======== Records for the exercise

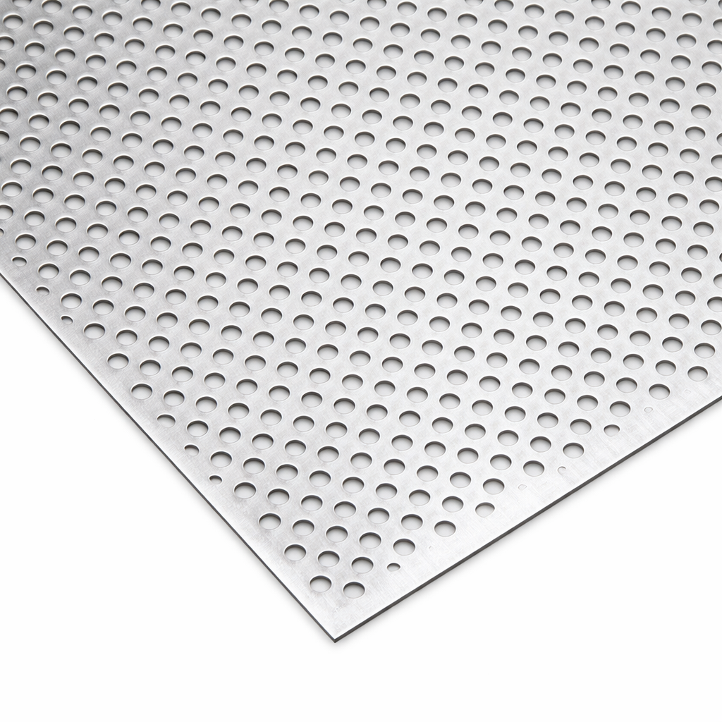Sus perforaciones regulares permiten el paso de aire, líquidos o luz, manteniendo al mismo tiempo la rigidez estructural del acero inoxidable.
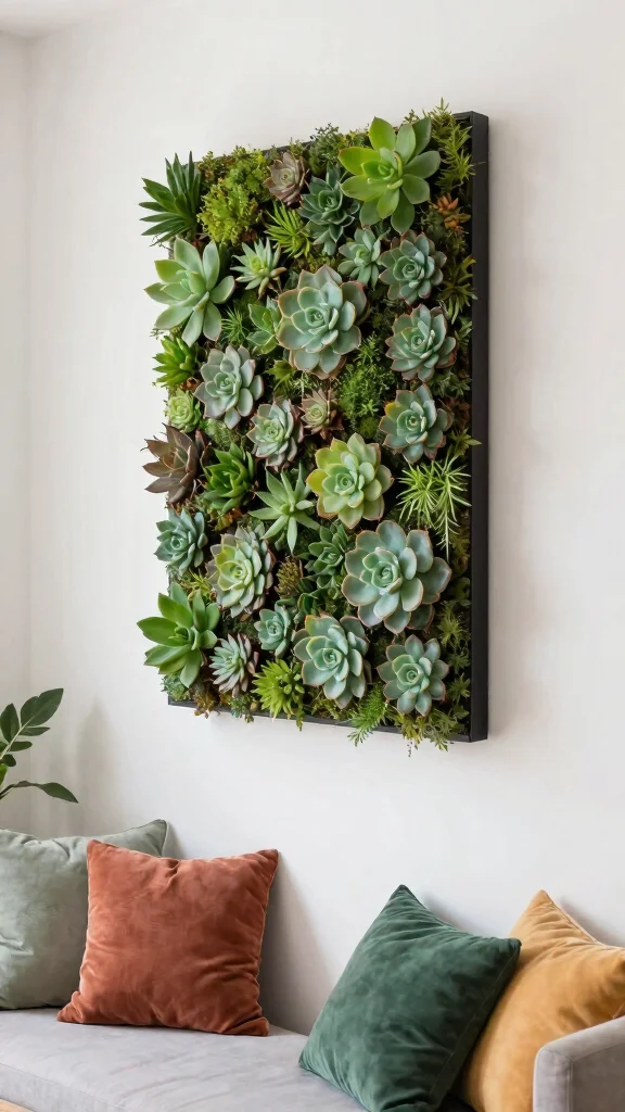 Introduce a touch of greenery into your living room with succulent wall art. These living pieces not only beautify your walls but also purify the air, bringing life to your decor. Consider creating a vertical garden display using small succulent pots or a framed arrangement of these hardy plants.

================
======== Records for the exercise

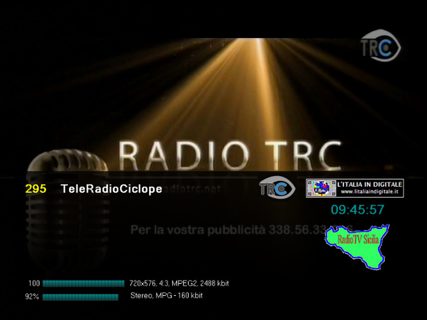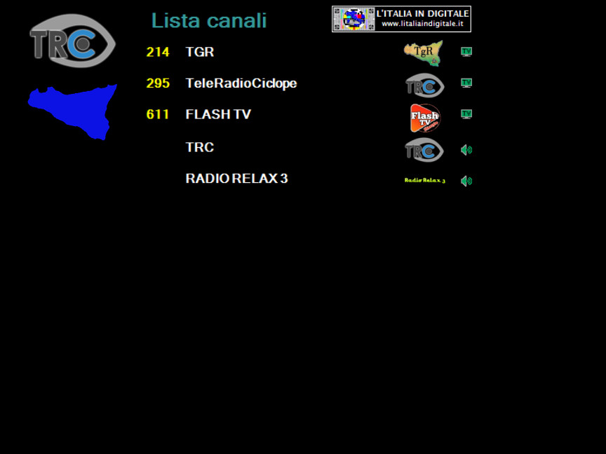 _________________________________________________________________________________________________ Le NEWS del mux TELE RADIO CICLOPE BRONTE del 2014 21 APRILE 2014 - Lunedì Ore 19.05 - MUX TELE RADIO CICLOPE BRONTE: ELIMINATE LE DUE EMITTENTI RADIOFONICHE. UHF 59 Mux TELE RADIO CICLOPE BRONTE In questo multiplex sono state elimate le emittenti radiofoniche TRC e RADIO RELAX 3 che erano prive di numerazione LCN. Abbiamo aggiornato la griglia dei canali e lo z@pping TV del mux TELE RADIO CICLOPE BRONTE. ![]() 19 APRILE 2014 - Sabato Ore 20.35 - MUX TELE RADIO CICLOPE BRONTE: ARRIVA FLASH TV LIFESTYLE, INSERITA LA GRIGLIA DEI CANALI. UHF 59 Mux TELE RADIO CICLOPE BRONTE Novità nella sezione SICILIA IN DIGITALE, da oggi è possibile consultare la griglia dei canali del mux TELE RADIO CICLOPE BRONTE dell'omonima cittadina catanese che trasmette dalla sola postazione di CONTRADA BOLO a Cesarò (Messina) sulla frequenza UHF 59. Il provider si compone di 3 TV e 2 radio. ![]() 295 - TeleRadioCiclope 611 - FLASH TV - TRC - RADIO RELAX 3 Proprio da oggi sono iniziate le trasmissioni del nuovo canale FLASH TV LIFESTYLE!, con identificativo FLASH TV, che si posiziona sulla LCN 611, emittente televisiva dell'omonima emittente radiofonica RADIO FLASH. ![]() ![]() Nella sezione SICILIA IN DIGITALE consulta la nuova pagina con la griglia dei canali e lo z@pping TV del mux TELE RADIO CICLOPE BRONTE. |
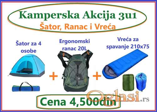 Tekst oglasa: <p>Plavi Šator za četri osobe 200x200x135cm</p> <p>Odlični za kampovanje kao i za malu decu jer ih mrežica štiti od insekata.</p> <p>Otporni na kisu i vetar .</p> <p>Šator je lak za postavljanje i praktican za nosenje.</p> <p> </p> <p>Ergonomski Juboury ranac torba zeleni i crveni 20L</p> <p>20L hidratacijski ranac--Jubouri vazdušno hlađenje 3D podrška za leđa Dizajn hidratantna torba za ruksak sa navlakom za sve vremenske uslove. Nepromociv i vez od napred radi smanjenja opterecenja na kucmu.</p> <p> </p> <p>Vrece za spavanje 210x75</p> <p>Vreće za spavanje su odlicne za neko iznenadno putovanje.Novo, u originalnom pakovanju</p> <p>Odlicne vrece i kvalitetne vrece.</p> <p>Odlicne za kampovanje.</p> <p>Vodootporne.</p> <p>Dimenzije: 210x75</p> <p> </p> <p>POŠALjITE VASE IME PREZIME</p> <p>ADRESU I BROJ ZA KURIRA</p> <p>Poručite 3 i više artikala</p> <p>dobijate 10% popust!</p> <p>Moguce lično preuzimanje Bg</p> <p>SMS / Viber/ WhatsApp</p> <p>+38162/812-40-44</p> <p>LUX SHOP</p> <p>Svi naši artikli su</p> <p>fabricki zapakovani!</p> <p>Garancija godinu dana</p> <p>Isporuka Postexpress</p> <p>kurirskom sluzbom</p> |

================

Working from the data above, repeat exactly, and only, the lines that begin at the line containing "Sus perforaciones regulares" and stop after the line containing "Introduce a touch"; pictures are not copied.

Sus perforaciones regulares permiten el paso de aire, líquidos o luz, manteniendo al mismo tiempo la rigidez estructural del acero inoxidable.
 Introduce a touch of greenery into your living room with succulent wall art. These living pieces not only beautify your walls but also purify the air, bringing life to your decor. Consider creating a vertical garden display using small succulent pots or a framed arrangement of these hardy plants.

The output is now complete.